Bastis ÖVP/FPÖ-Koalitionsregierung von 2017/19 war auch eine historische Regierung, in dem die eine der kürzesten Zeit im Amt seit Jahrzehnten hatte. Es wurde von einem Strom von Skandalen geplagt, von denen viele mit dem zu tun hatten, was ironischerweise als "Einzelfälle" bekannt wurde, bei denen Mitglieder der FPÖ entdeckt wurden oder sich als Anhänger einer radikalen Ideologie outen, die nicht mit einer demokratischen Regierung und Politik vereinbar ist. Als Beispiel: Oberösterreichs Landessenator Elmar Podgorschek (FPÖ):
Der oberösterreichische FPÖ-Landesrat Elmar Podgorschek ... hält [Juni 2018] bei der [deutschen] rechtsextremen AfD Thüringen eine Rede, in der er Ratschläge für die Machtübernahme gibt und die Institutionen der Demokratie massiv angreift. Als das öffentlich bekannt wird, sieht sich Podgorschek mit heftiger Kritik und Rücktrittsaufforderungen konfrontiert. (Mauthausen Komitee Österreich, Viele Einzelfälle = Ein Muster 02.08.2019)
In dieser Rede unterstützte Podgorschek die "orbanisierung" der Presse, einen Verweis auf die gegenwärtige autoritäre Regierung Ungarns und ihre Praxis, einen Großteil der ungarischen Medien unter die Kontrolle regierungsweiter Oligarchen zu bringen. Podgorschek wurde 2019 öffentlich und erfolgreich unter Druck gesetzt, wegen dieses Vorfalls von seinem Amt im Landtag zurückzutreten.

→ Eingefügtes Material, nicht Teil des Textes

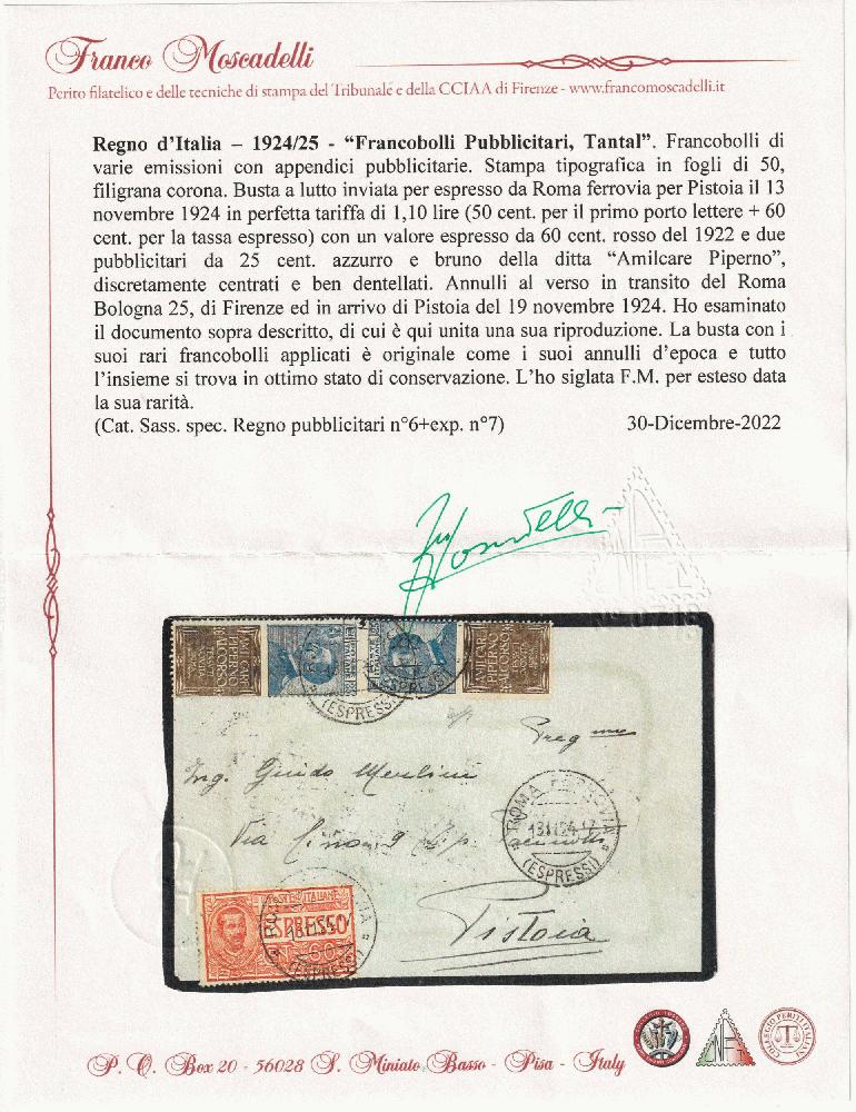| Zusatzinformationen und Suchstichworte: | Toscanphila 1. Auktion 23. September 2023 Los 429 Italien Königreich 1924 13 Nov Piperno 25 c. x 2 + Exp 60 c. Sassone 6+E7 su busta espresso da Roma x Pistoia Cert.Mosc.+Biondi Ex Coll Hess rara Ausruf 1.000,00 EUR |

Ich war dieses Jahr überrascht, dass ein Skandal, den ich für den schwerwiegendsten hielt, bei der diesjährigen Nationalratswahl tatsächlich keine prominente Rolle spielte. Das war eine Aktion des FPÖ-Innenministers Herbert Kickl im Jahr 2018, bekannt als die "BVT-Affäre", bei der er eine ungewöhnliche Polizeirazzia gegen das Sicherheitsbüro im eigenen Ministerium organisierte, eine Aktion, die dazu führte, dass einige europäische Nationen ihre Zusammenarbeit mit Österreichische Geheimdienste aus Angst, Österreich könne Quellen und Methoden nicht ausreichend schützen, begrenzt hatten.

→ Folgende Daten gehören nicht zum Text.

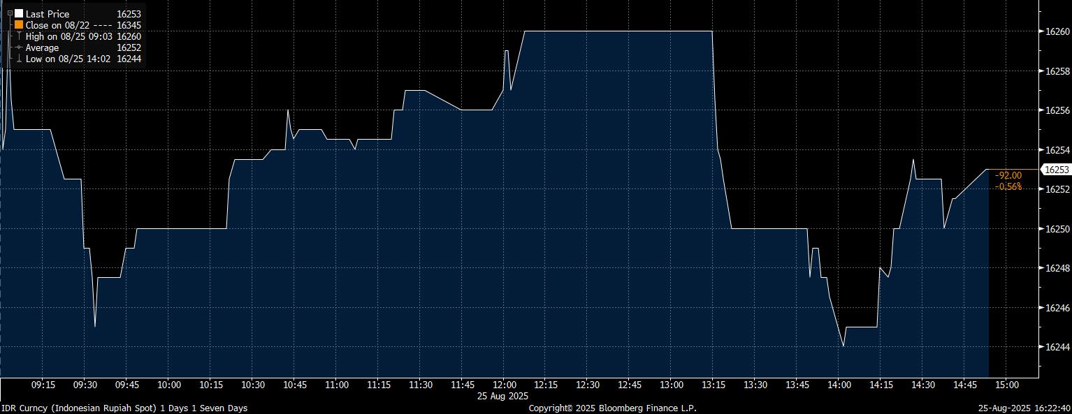 Sepanjang hari ini, di pasar spot, rupiah bergerak menguat di mana pada pagi dan siang hari tadi sempat menyentuh level terkuat hari ini di posisi Rp16.244/US$ hingga menjadi valuta berkinerja terbaik di regional Asia.

Der Auslöser, der den Sturz von Bastis rechts-rechts-Regierung in Gang setzte, war das, was schnell als „Ibiza-Skandal“ bekannt wurde, der im Mai ausbrach. Deutsche und österreichische Reporter enthüllten ein Video, das zwei hochrangige Vertreter der FPÖ zeigte, darunter Vizekanzler Heinz-Christian Strache, der einer Frau korrupte Geschäfte und illegale Pläne vorschlug, die sie für die Nichte eines russischen Oligarchen hielten. Der Meeting fand in eine Villa auf der beliebten Ferieninsel Ibiza statt. Das Video wurde 2017 vor der Wahl in diesem Jahr gedreht, als Strache noch Oppositionsführer war. (Beide wurden noch nicht wegen Rechtsverstößen im Zusammenhang mit dem Video verurteilt.) Frederick Obermaier und Bastian Obermayers Buch Die Ibiza-Affäre (2019) beschreibt das Ibiza-Treffen und die Aufdeckung des Skandals.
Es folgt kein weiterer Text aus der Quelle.